# Woodies



## Rick Mosher (Feb 26, 2009)

I create artwork with book matched figured veneers and sell prints. Here is a link to my website where you can get high quality prints.


----------



## Rick Mosher (Feb 26, 2009)




----------



## difalkner (Nov 27, 2011)

Pretty cool stuff, Rick! You're a versatile and talented man.

David


----------



## woodnthings (Jan 24, 2009)

*Those things are frightening!*

I'm gonna have nightmares from that thing. :icon_rolleyes: 
Very cool though.


----------



## Travico (Dec 25, 2012)

That is some WILD work!! Its like you can see into another DIMENSION!


----------



## Lola Ranch (Mar 22, 2010)

*goblin*

You may have inspired me to do something with the goblin I found in some butternut i was milling.

Bret


----------



## Rick Mosher (Feb 26, 2009)

That looks pretty cool! Kind of has Big Daddy Roth Rat Fink eyes.


----------



## woodchux (Jul 6, 2014)

All I usually get from book matching cuts is more saw dust! Be safe.


----------



## Tennessee Tim (Dec 15, 2010)

Somebody mention DADDY RAT???? LOL Here's 2 maple bookmatches that I've since glued together after the final drying. I haven't decided whether to build table or wall hanging. By coincidence the guy who painted my truck Henry Gerson http://daytona-airbrush.com/ is the same person who created Rats original image in the late 1960's.

Rick....GREAT work as usual...I'm always interested in seeing your posts. Thanks:thumbsup::thumbsup:

Bookmatch pre final drying..








My F-650 Grocery getter !!!


----------



## Da Aardvark (Oct 11, 2012)

Grocery Getter is cool, (seen it in person) cept the groceries in the back are beaver food.
Is that book match big enough for a table?

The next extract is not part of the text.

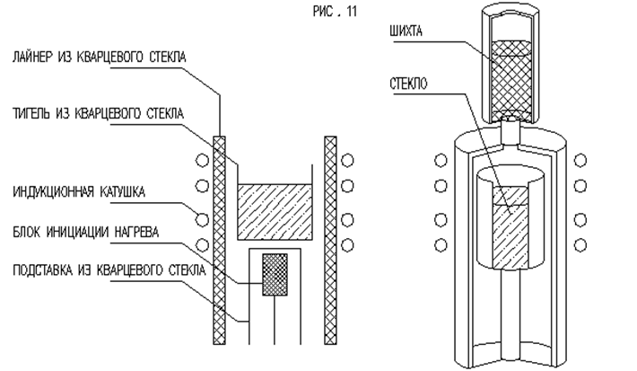 В электрической печи энергия переносится от стенки печи к тиглю посредством теплового излучения. Для применения ВЧ метода используют «матрешку»: платиновый (или кварцевый) тигель помещают для стерильности внутрь кварцевого сосуда (рис.11). Тепло подводится от ВЧ источника энергии с помощью катушки индуктивности, внутри которой помещен кварцевый сосуд.

Yeah those art pieces are radical. You see some interesting things in the wood. 
What do you do for the eyes? Are they taxidermy sets?


----------



## Rick Mosher (Feb 26, 2009)

What do you do for the eyes? Are they taxidermy sets?[/QUOTE said:


> The original woodies were painted and then clear coated over.
> My newer digital versions can be photos of actual eyes or digital paintings of eyes. (and I can sell more than one of each ) I don't do much more than add the eyes and add some highlights and shadows so people can decide what they are for themselves. Almost every one I have made whoever looks at it thinks it is something different. I think that is my favorite part of making them.


----------



## Rick Mosher (Feb 26, 2009)

I made a new one today.


----------



## Tennessee Tim (Dec 15, 2010)

Rick those are amazing......being a photographer also and familiar with the digital....I think I understand you are doing the bookmatch in wood then photoshopping the eyes??? the good thing with digital if you can only find the one half is it could be mirrored....BUT it still requires that creative EYE!!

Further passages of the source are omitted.